The protagonist, Nogami, is a married woman approaching middle age who works in public relations for S Corporation, a food-related company that is publicly celebrated as a progressive and employee-friendly workplace. The novel opens before dawn, while Nogami lies awake beside her peacefully sleeping husband. She has been suffering from severe insomnia for months. Unable to make her thoughts stop, she imagines erasing parts of her own body one by one: her abdomen, her organs, her ribs, her lower body. Yet her hands, feet, and throat remain painfully hot, as though a small but persistent fire were burning inside her.
For Nogami, a new morning is not a fresh beginning.
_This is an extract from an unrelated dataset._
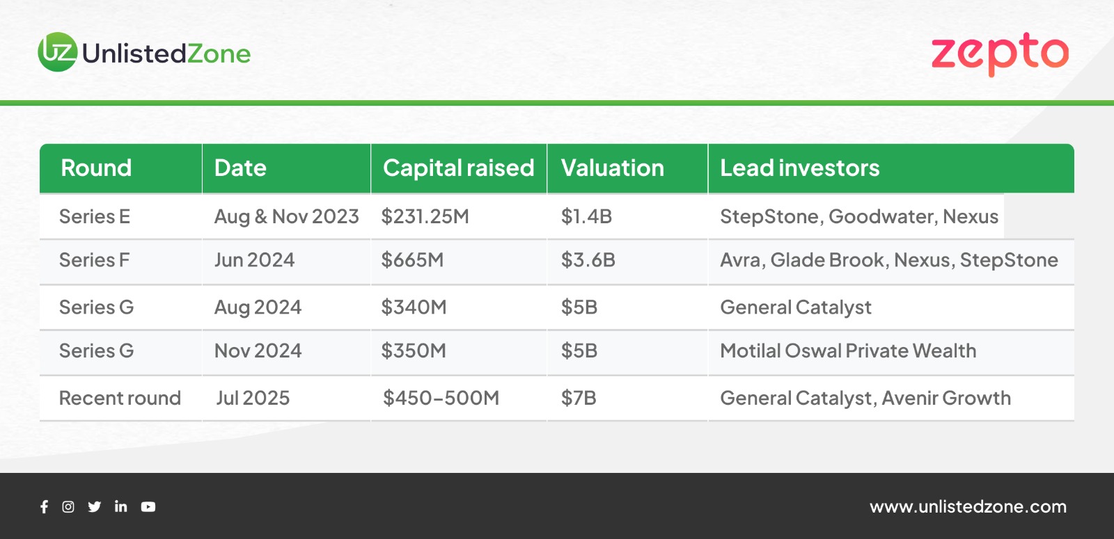 Zepto’s growth has been fuelled by a rapid series of large funding rounds.

Because she barely sleeps, one day simply continues into the next. Even when she takes paid leave to attend a musical with her friend N, work follows her. Her personal smartphone contains company communication apps, and an editor calls her shortly before the performance to request product information. Nogami answers automatically, although she is officially on holiday. She tells herself that sending a few files will only take a moment, but technical problems and incoming messages multiply. The theatre lobby, which should offer pleasure and escape, becomes another workplace.
The narrative then returns to the beginning of her insomnia. Nogami’s life initially appears comfortable. She shifted from a physically demanding sales role to remote public-relations work during the pandemic. She lives with a considerate husband, has a stable income, and is employed by a company praised in the media for its training programmes, childcare support, attractive offices, and strict limits on overtime.